On Dec. 8, 1944, Petoskey was in the tank and returning to Apweiler to rejoin the company when the tank backed into a 5-foot row of anti-tank mines stacked 3 feet high. "A terrific explosion occurred, killing all six crew members and the destroyer,” according to Findagrave.com.
“He didn’t stand a chance,” Kastelic said.
Kastelic has a tattoo of the Windy Lou on one arm, along with parachuting soldiers, and Raymond’s name. She also has a tattoo of Petoskey's tank on her arm, as well his name.
Recently, Kastelic asked members of the Indiana Genealogy Facebook page for help in finding Petoskey's family. KHCPL Director Faith Brautigam saw it and connected Kastelic to Amy Russell, head of KHCPL’s Genealogy and Local History Department.
Using obituaries, Census records, Ancestry.com, and the A-Z database – all of which are available through KHCPL’s databases and Genealogy and Local History Department – Amy found Petoskey's first cousin once removed (his mom’s sister’s granddaughter) and contacted her about Kastelic and Petoskey's grave.
“I found the obituary for Henry’s mother, Mary Petkovsek (the name spelling changed over the years) and saw she was survived by a sister, Frances Stular, in Michigan. Then I went through the Census records and started tracing her descendants. Things start falling in place once you have a name and a location.”
Kastelic also tends to the graves of two soldiers from Oregon.
Her grandfather, Guus, had also befriended U.S. Army Maj. James V. Johnston Jr., an Oregonian who served with 84th Infantry Division, 334th Infantry Regiment, and was stationed in Guus’ house.
According to HonorStates.org, “No one knows how many enemy combatants (Johnston) had dispatched. In one attack alone, he killed 20 and captured 88. He was in the forefront of every fight the division had. … His men had begun to think of him as indestructible. … His habit of walking around nonchalantly under fire made him a choice sniper target, but it took an 88 (a German 88 mm anti-aircraft and anti-tank artillery) to kill him with a direct hit. He died (on March 5, 1945) in one of the division's last battles before reaching the Rhine.”

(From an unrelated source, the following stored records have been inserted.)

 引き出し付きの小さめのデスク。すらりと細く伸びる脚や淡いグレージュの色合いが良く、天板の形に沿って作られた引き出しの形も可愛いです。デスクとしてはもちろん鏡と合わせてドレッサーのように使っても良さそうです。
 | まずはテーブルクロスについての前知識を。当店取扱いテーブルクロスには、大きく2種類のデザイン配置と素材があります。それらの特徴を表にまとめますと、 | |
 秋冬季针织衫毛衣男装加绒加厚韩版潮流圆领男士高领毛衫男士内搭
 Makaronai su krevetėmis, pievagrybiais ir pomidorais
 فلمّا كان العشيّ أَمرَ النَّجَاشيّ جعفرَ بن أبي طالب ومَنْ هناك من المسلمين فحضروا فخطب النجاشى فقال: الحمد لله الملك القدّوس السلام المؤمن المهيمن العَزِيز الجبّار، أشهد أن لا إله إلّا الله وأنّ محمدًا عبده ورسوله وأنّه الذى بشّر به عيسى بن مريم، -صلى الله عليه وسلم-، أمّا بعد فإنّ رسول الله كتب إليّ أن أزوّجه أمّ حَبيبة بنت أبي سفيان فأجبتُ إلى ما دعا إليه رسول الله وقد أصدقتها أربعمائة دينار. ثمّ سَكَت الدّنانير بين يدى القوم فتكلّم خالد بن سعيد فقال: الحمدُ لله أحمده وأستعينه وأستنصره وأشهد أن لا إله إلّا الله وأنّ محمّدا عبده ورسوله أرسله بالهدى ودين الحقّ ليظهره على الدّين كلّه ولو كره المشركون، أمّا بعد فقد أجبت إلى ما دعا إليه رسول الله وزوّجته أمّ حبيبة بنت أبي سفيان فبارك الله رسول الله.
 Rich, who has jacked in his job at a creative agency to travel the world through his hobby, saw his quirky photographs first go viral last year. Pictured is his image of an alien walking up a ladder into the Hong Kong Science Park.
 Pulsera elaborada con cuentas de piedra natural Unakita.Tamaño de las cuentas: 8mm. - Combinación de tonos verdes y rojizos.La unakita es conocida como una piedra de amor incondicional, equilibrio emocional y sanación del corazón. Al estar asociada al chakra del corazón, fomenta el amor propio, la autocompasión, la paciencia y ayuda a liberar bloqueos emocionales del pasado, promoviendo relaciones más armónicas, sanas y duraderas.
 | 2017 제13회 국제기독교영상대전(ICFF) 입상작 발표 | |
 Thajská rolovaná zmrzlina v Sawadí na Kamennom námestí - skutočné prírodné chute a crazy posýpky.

U.S. Army Pfc. Lawrence Kirsch served with 8th Infantry Division, 13th Infantry Regiment. He was shot. He’s buried at Henri-Chapelle American Cemetery and Memorial in Hombourg, Belgium. Petoskey wanted to do more, so she took on a fourth grave in Belgium. The cemetery in the Netherlands is a 30-minute drive from her home; the cemetery in Belgium is 40.
Kastelic has tattoos to remember Johnston and Kirsch, too.
“The boys,” as she refers to the four men, were all so young when they died: James 26, Petoskey 24, Lawrence 20, and Raymond 20.
“At the age of 20, I was driving my truck and nothing other on my mind because of them who gave their lives so I can do my own thing and live my life – something they couldn’t do, live their lives,” Kastelic said. “It is all we can do they gave everything for us people they didn’t know. It makes me happy. They all feel like family I never knew.”
Two other Kokomo residents are buried in Margraten. Others tend to their graves. U.S. Army Pfc. Henry Buckberg was born in Chicago, but by 1935, he was a Kokomo resident. He was in the 16th Infantry Regiment, 1st Infantry Division, and killed in action in Germany on March 29, 1945. He had been overseas for only five or six weeks. U.S. Army Pfc. Robert P. Coughlin, who was a member of the 310th Infantry Regiment, 78th Infantry Division, was killed in action while fighting on April 7, 1945.